Suppose $p_t(x)=\frac1{\sqrt{2\pi t}}e^{-\frac{x^2}{2t}}$ is the Gaussian density. $p_t(x)$ is also the Green kernel of the heat equation in 1D: $(\partial_t-\frac12\Delta)u=0$. The Fourier transform of $p_t(x)$ is $\hat p_t(\xi)=e^{-\frac{t}2|\xi|^2}$. Then the Laplace transform at 1 has the special bound $$\int_0^\infty e^{-t}|\hat p_t(\xi)|^2dt=\int_0^\infty e^{-t}e^{-t|\xi|^2}dt\lesssim \frac1{1+|\xi|^2}. $$ In this bound, we see that this integration decay as $|\xi|^{-2}$ when $|\xi|\to\infty$. Note also that the Laplace transform is closely related to resolvent of the operator $\Delta$.

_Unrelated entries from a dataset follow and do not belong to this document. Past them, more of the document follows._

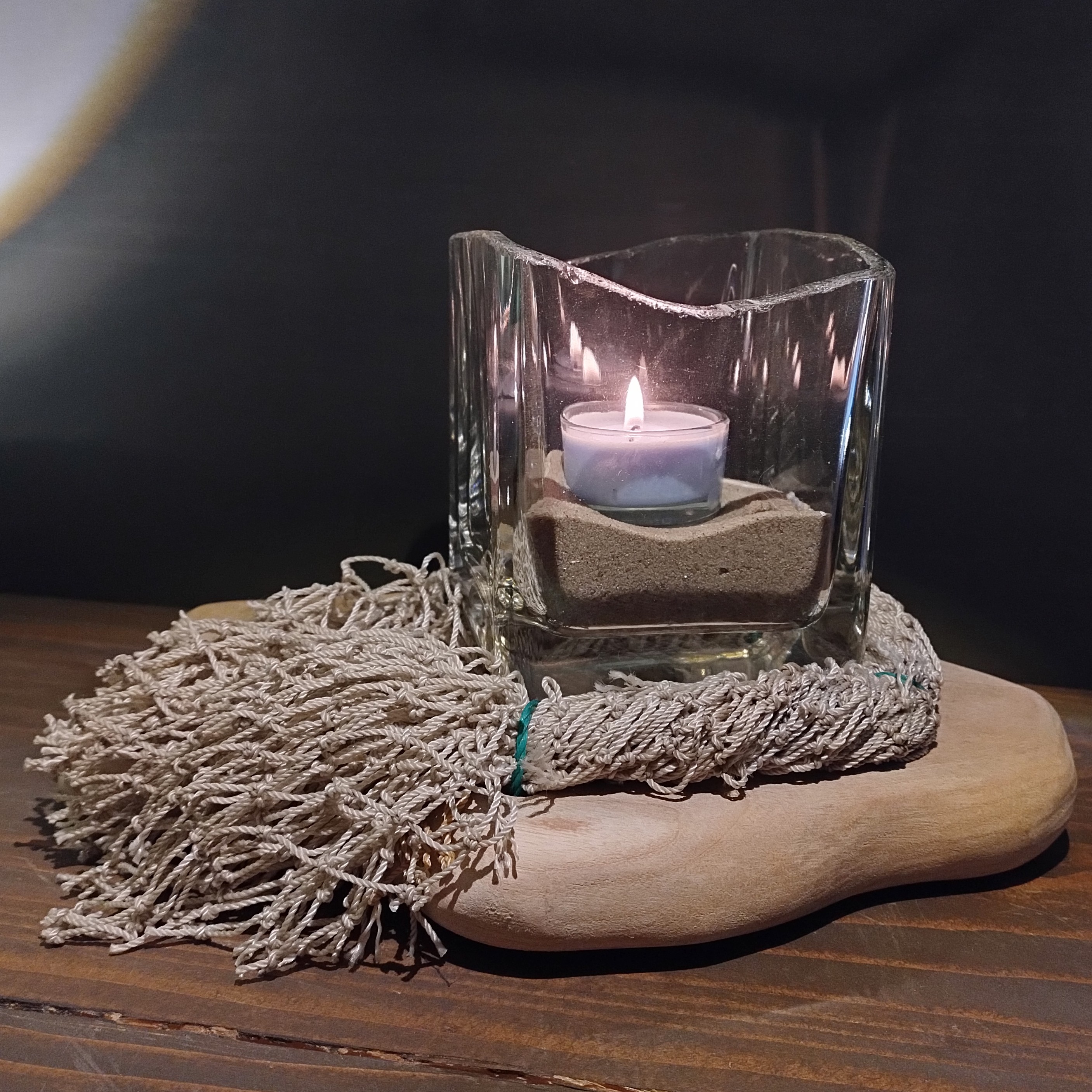 Alle Standteellichter wurden mit hellem Eichenholz, aus der Ostsee geborgenen Geisternetzen und upgecycelten Whiskey-, bzw. Ginflaschen mit Liebe in Handarbeit gefertigt. Keines gleicht dem anderen und es sind einzigartige Wohnaccessoires.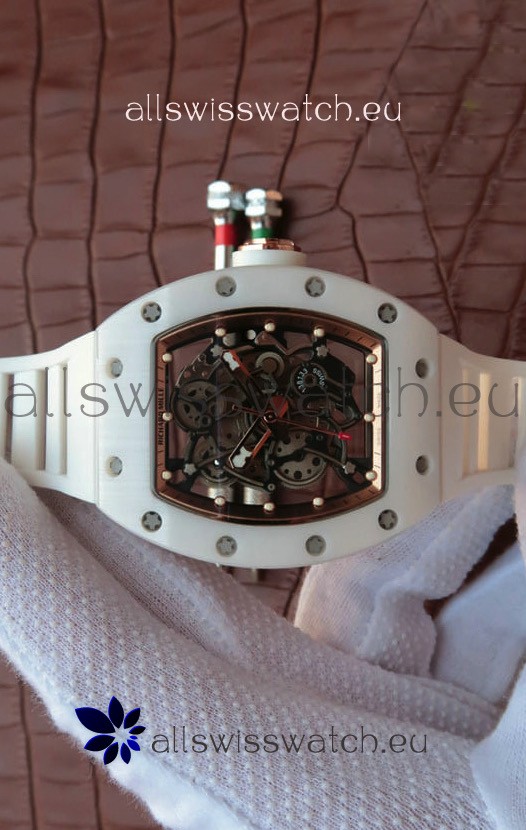 You're reviewing: Richard Mille RM055 Ceramic Casing 1:1 Mirror Replica Watch in Rose Gold Dial in White Strap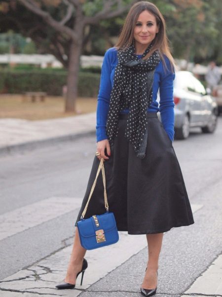 A blue sweater looks elegant and feminine in combination with a black flared midi skirt. Stiletto heels to match the skirt will add sophistication to the look. Luxurious black scarf in white peas will be a great decoration. A stylish clutch bag to match the sweater will help to complete the look.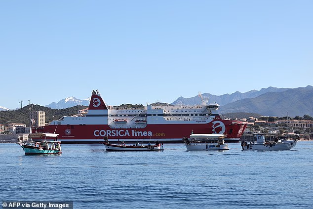 Turistas britânicos estão presos na Córsega depois que pescadores furiosos bloquearam o porto da ilha devido ao aumento dos preços do diesel. Na foto: Pescadores em Ajaccio bloquearam o acesso ao porto e forçaram a balsa Corsica Linea a atracar na baía em 7 de abril.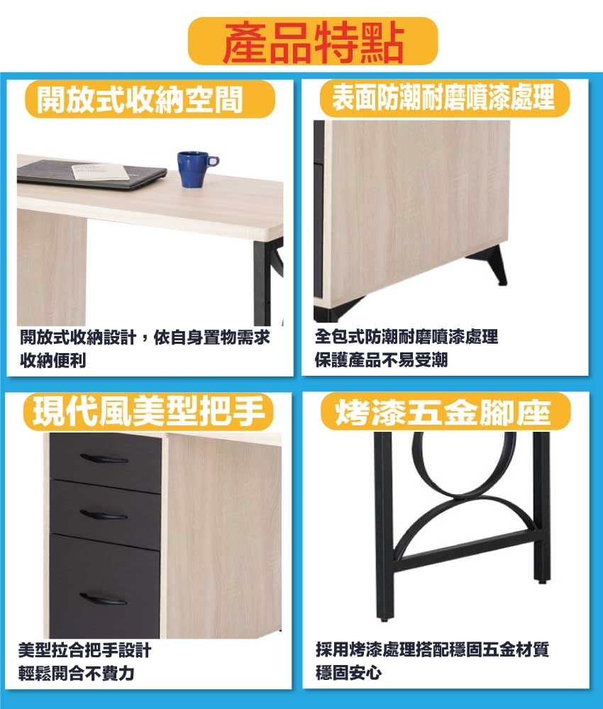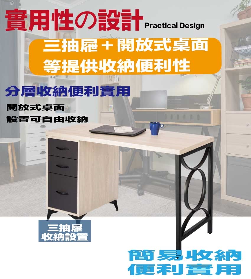 三抽屜+開放桌面等收納設計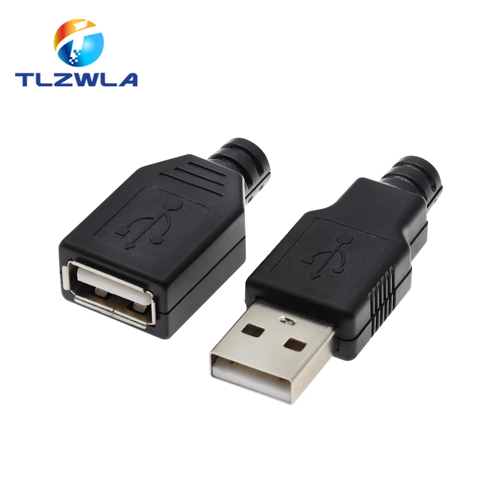 10PCS Type A Male Female USB 4 Pin Plug Socket Connector With Black Plastic Cover Type-A DIY Kits

Suppose now that we replace $\Delta$ by a "nice" (symmetric) operator $A$ with symbol $\psi(\xi)$. What are the characteristics of $A$ so that we have a similar bound $$\int_0^\infty e^{-\lambda t}|e^{-t\psi(\xi)}|^2dt\lesssim \frac1{1+|\xi|^a} $$ for some $\lambda>0$ and $a>0$. Is there a method to identify the decay rate $a$?
PS: I know this is probably well known in semigroup theory, but I couldn't find any exact reference.